## Stored items from a collection
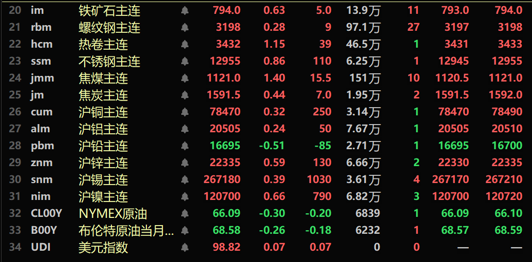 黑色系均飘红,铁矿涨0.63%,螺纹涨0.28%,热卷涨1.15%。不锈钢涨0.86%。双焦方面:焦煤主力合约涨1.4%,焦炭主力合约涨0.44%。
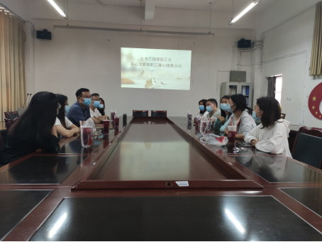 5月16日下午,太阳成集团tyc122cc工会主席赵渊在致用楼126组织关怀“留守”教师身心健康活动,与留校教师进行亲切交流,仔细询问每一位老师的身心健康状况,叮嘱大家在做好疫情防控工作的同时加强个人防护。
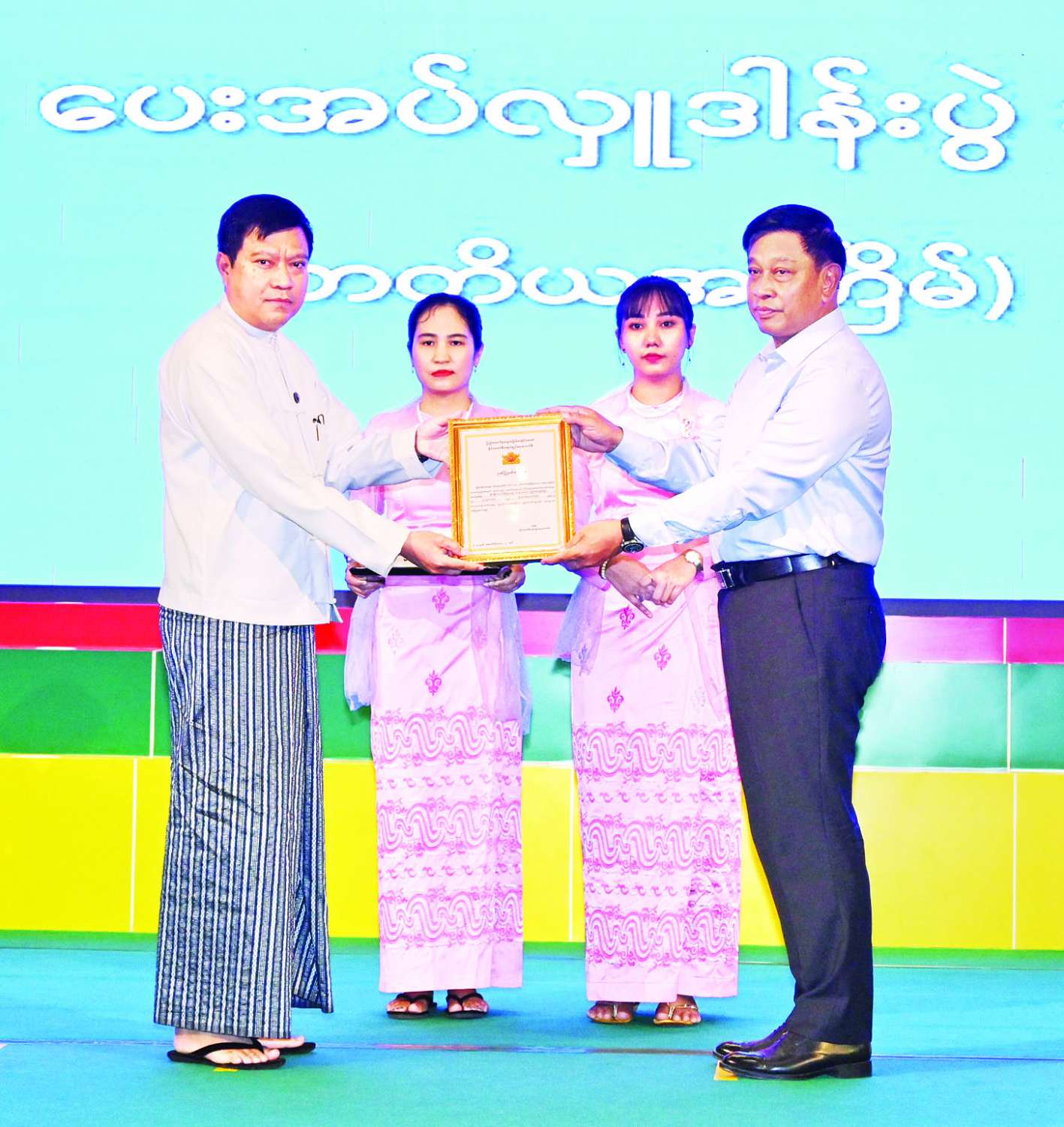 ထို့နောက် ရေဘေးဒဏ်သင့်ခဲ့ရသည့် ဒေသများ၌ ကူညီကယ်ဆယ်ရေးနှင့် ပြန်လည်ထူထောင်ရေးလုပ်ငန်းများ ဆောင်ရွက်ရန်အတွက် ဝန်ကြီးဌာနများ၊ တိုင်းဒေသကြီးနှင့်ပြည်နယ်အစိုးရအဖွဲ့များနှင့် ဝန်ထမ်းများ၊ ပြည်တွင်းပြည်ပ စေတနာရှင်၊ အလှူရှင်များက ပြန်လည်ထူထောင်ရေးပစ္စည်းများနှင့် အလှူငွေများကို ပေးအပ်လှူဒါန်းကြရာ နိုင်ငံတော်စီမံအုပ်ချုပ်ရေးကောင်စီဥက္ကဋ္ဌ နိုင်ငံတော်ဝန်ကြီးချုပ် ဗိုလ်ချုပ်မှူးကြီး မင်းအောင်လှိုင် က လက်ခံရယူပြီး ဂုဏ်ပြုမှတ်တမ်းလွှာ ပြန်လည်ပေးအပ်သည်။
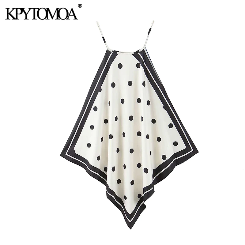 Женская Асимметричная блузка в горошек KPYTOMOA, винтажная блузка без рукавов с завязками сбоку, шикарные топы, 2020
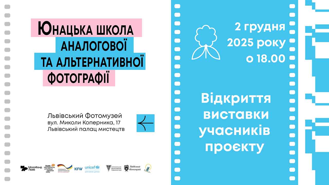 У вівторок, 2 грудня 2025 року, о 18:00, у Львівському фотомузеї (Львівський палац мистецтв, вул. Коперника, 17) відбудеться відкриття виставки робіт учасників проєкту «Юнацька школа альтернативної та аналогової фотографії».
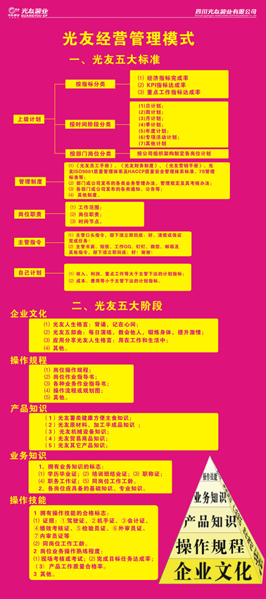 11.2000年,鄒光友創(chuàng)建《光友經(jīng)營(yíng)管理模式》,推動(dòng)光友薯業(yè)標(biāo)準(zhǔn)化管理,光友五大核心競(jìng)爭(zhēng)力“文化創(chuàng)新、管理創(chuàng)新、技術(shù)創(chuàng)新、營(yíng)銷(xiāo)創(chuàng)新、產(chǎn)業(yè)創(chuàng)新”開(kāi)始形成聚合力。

## EXERCISE GOAL
Reproduce, without alteration and without pictures, only those lines that lie between the first line of the entries above and the line containing "У вівторок, 2", both of them included.

## YOUR RESPONSE
 黑色系均飘红,铁矿涨0.63%,螺纹涨0.28%,热卷涨1.15%。不锈钢涨0.86%。双焦方面:焦煤主力合约涨1.4%,焦炭主力合约涨0.44%。
 5月16日下午,太阳成集团tyc122cc工会主席赵渊在致用楼126组织关怀“留守”教师身心健康活动,与留校教师进行亲切交流,仔细询问每一位老师的身心健康状况,叮嘱大家在做好疫情防控工作的同时加强个人防护。
 ထို့နောက် ရေဘေးဒဏ်သင့်ခဲ့ရသည့် ဒေသများ၌ ကူညီကယ်ဆယ်ရေးနှင့် ပြန်လည်ထူထောင်ရေးလုပ်ငန်းများ ဆောင်ရွက်ရန်အတွက် ဝန်ကြီးဌာနများ၊ တိုင်းဒေသကြီးနှင့်ပြည်နယ်အစိုးရအဖွဲ့များနှင့် ဝန်ထမ်းများ၊ ပြည်တွင်းပြည်ပ စေတနာရှင်၊ အလှူရှင်များက ပြန်လည်ထူထောင်ရေးပစ္စည်းများနှင့် အလှူငွေများကို ပေးအပ်လှူဒါန်းကြရာ နိုင်ငံတော်စီမံအုပ်ချုပ်ရေးကောင်စီဥက္ကဋ္ဌ နိုင်ငံတော်ဝန်ကြီးချုပ် ဗိုလ်ချုပ်မှူးကြီး မင်းအောင်လှိုင် က လက်ခံရယူပြီး ဂုဏ်ပြုမှတ်တမ်းလွှာ ပြန်လည်ပေးအပ်သည်။
 Женская Асимметричная блузка в горошек KPYTOMOA, винтажная блузка без рукавов с завязками сбоку, шикарные топы, 2020
 У вівторок, 2 грудня 2025 року, о 18:00, у Львівському фотомузеї (Львівський палац мистецтв, вул. Коперника, 17) відбудеться відкриття виставки робіт учасників проєкту «Юнацька школа альтернативної та аналогової фотографії».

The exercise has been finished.